В глазах Авдакеи я заметил испуг.
— Ты что ж, Палага, — тихо проговорила она, — совсем отступилась от нашего бога-то?!
Мать не отозвалась. Занялась чаем.
Чай — первое дело при встрече бабьей родни. Это все равно как у мужиков водка: без поллитровки — какой же разговор! Так у баб чай.
В прежнее время, явись к нам такой редкий гость, как тетушка Авдакея, мать поставила бы самовар. Углей горячих насыпала бы в него из печки, глядишь, через четверть часа самовар готов. Его водрузили бы на стол, мать перетерла бы чашки и блюдца чистым рушником, и сестры сели бы одна против другой и попивали бы чай вприкуску, и говорили бы о том о сем, и в их размеренный говор вплетал бы свое мурлыканье кипевший самовар.

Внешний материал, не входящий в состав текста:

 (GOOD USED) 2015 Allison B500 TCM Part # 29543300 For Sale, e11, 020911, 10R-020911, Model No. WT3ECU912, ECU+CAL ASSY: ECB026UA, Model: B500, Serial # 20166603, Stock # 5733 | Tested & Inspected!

Теперь иное дело. Теперь самовары вышли из моды. Некогда с ними возиться. В старой избе еще ставили кое-когда. Но старший брат Федор нашел ему иное применение. В палисаднике перед новым станционным домом он вкопал дубовый столб, а к этому столбу привинтил болтами наш медный, со всеми медалями на боку, тульский самовар. Летним утром Федор наливает в самовар ведро воды и моется под краном, фыркая от удовольствия. Неизменный свидетель всех наших семейных торжеств, самовар стал на старости лет рукомойником. Видно, таков уж удел всего, что переживает свой век.

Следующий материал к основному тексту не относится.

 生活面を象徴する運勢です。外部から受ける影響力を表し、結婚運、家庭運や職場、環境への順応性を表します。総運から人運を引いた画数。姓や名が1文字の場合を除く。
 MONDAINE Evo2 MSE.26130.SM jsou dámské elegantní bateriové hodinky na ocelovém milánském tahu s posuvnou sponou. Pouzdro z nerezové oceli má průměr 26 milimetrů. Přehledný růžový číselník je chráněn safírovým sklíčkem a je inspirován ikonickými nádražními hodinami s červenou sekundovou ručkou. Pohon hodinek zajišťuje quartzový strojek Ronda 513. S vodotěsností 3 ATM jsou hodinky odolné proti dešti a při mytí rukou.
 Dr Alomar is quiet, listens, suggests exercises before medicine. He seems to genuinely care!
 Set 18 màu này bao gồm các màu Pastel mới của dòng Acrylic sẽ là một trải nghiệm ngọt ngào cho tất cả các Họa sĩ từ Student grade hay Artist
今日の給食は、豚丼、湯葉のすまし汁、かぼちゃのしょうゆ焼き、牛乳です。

Теперь в моде чайники. Чайник, он, может, не столь поэтичен, зато удобен. Не успела мать поставить на стол посуду да кое-какое угощение, а уж чайник загремел крышкой: готов, закипел, значит.
Мать разлила чай и села за стол напротив Авдакеи. Я тоже пристроился сбочку.
Отпив один-другой глоток чая, мать отставила блюдце и заговорила:
— Вот ты спрашиваешь, отступилась ли я от бога? А я и сама не знаю… — Она вздохнула. — Молодой глупая была — верила. И то, как не верить? У дьячка училась-то. Втолковал священное писание. Окромя евангелия, ничего до самого замужества и читать-то не умела. А потом, как пожила, так уж…
— Иные, знать, книжки начала читать?
Авдакея искоса из-под припухлых бровей посмотрела на младшую сестру. Мать не отвела своих глаз.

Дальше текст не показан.